Data journals generally limit themselves to publishing the description of the dataset; a trusted repository publishes the data itself. For instance, Scientific Data and Geoscience Data Journal each direct authors to a list of approved repositories. As an exception, GigaScience hosts data in an integrated repository named GigaDB. An early implementer of data papers, The International Journal of Robotics Research25 is unusual in that they permit authors to host datasets on their own websites.
Data independent of any paper
To be useful or reproducible, a dataset must be accompanied by descriptive information (i.e. metadata)21, but this need not take the form of a journal article. Instead, some repositories publish rich, structured and/or freeform description together with the data.
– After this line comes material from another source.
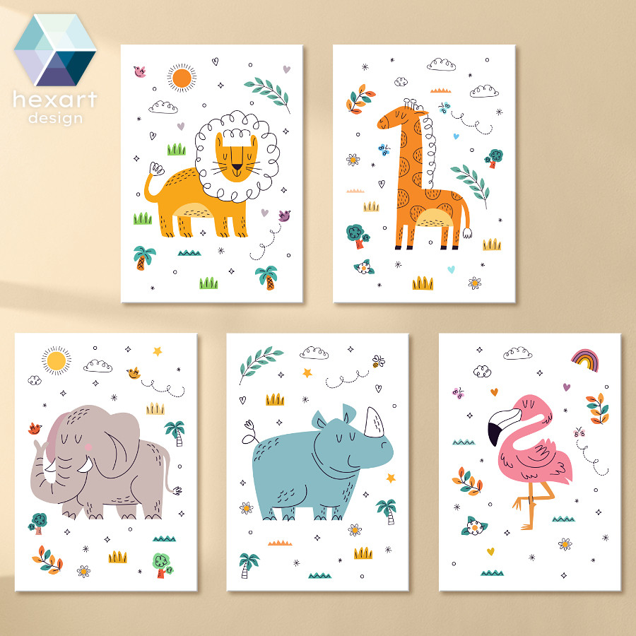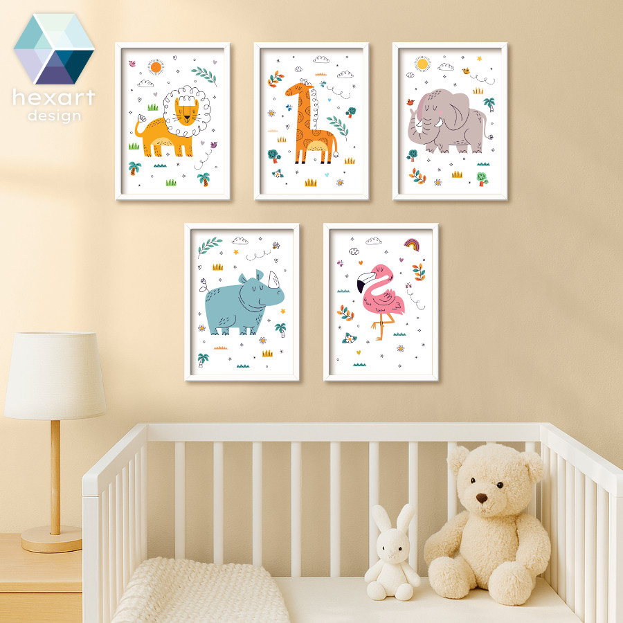 Dobd fel a babaszoba hangulatát ezzel az egyedi, 5 darabos fali dekoráció szettel! A fehér háttéren, finom grafikai elemekkel kiegészített egységes design keretében jelenik meg az oroszlán, zsiráf, elefánt, orrszarvú és flamingó. Az élénk színű, bohém és kedves állatok vidámságot és játékosságot sugároznak, miközben harmonikusan illeszkednek bármilyen babaszoba berendezéséhez. Tökéletes választás, ha különleges és szeretetteljes hangulatot szeretnél teremteni kisbabád szobájában.

The distinction between a data repository and a data publisher is often indistinct. Repositories provide access and citability, but the degree of validation varies widely and few are equipped to provide peer review. For instance, to make data publication as easy as possible for authors, Figshare and Zenodo publish datasets from any field with minimal validation.
Fundamentally, to publish is to make public, and to publish data is to make data publicly available. Present availability requires mechanisms for access; future availability also requires preservation (e.g. long-term storage, format migration)21,26,27. As in print publication, published data need not be free or legally unencumbered, and data use agreements constrain many published datasets. If access is limited, it should be contingent on clear and objective criteria; writing a request to the creator for permission should not be part of the process. For example, before granting access to restricted data, The Interuniversity Consortium for Political and Social Research (ICPSR) judges the applicant’s proposed security measures, but not the merit of their research. Datasets from social science or clinical studies that involve human participants are easily the most common source of access restrictions because of the need to protect privacy. In the United States, the Health Insurance Portability and Accountability Act of 1996 (HIPPA) Privacy Rule severely limits the disclosure of medical information28.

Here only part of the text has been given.